Question 1: How many subnets and hosts per subnet can you get from the network 172.25.0.0/27?"

Question 2: How many subnets and hosts per subnet can you get from the network 10.0.0.0 255.255.240.0?

saied45 · January 2011

Subnet Mask **** Sheet

Technology1 · January 2011

Thanks for the info. Was hoping someone with expert knowledge could actually go into the details of explaining the answer to these questions in regard to finding how many subnets and hosts per subnet are available.

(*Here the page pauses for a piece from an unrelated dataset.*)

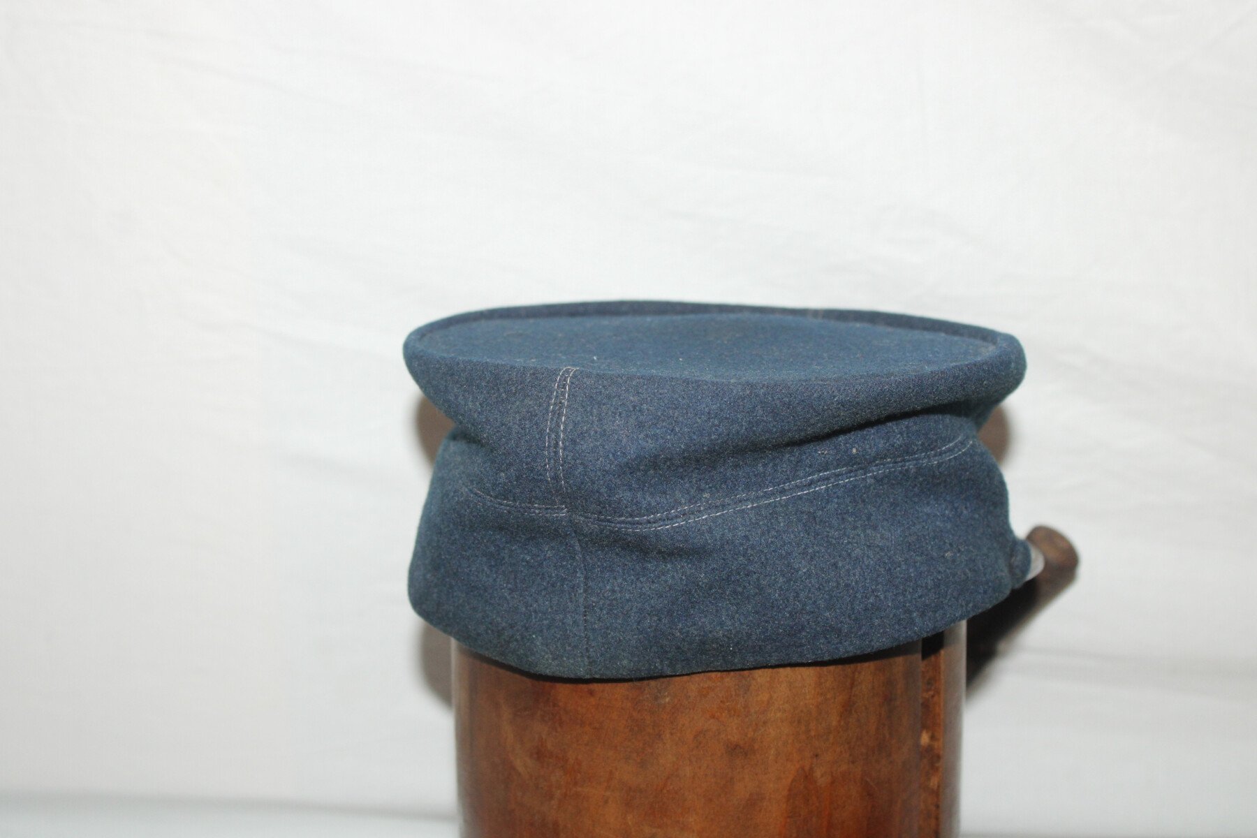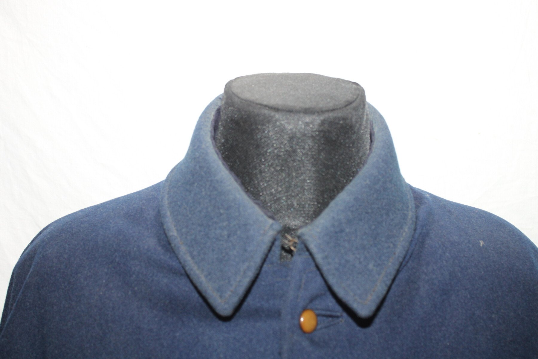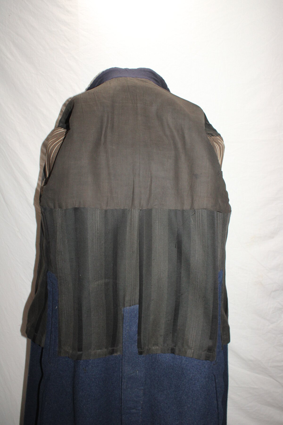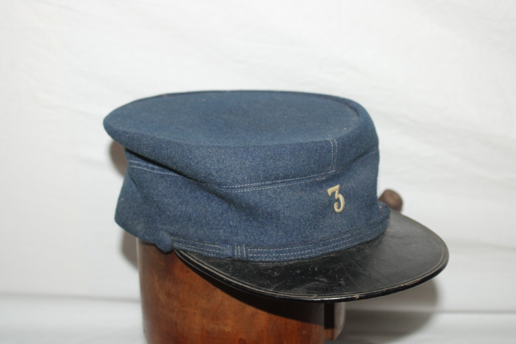 Beau manteau de cavalerie modèle 1872/1885 et Képi en drap gris de fer bleuté. Rotonde amovible, deux trous à l'arrière. Boutons argenté sur le manteau avant et en recouvert de drap à l'arrière. Un manquant sur la rotonde. Pas d'étiquette ou tampon de fabrication. Largeur d'épaule: 46cm, longueur de manche: 65cm. Hauteur total 182cm. Képi, boutons et jugulaire en drap gris de fer bleuté. Chiffre 3 en métal argenté. deux très petit trous sur le coté du képi. Hauteur 9cm, taille environs 56. Bel ensemble.

We all have our methods of what works for us when figuring subnet masks which is pretty cool. Finding out a particular subnet from a host address is not too much of a concern, but the other way around in finding how many subnets and hosts per subnet seems to get somewhat confusing at times. Could possibly be making it out harder than it really is. CIDR notation is not an issue. Finding a subnet from a given host address is not an issue. Finding a broadcast address is not an issue. IP host range is not an issue.

The 8 special numbers for the subnet mask are 128, 192, 224, 240, 248, 252, 254, 255. Taking any of these numbers and subtracting them from 256 would tell us what the network increments are.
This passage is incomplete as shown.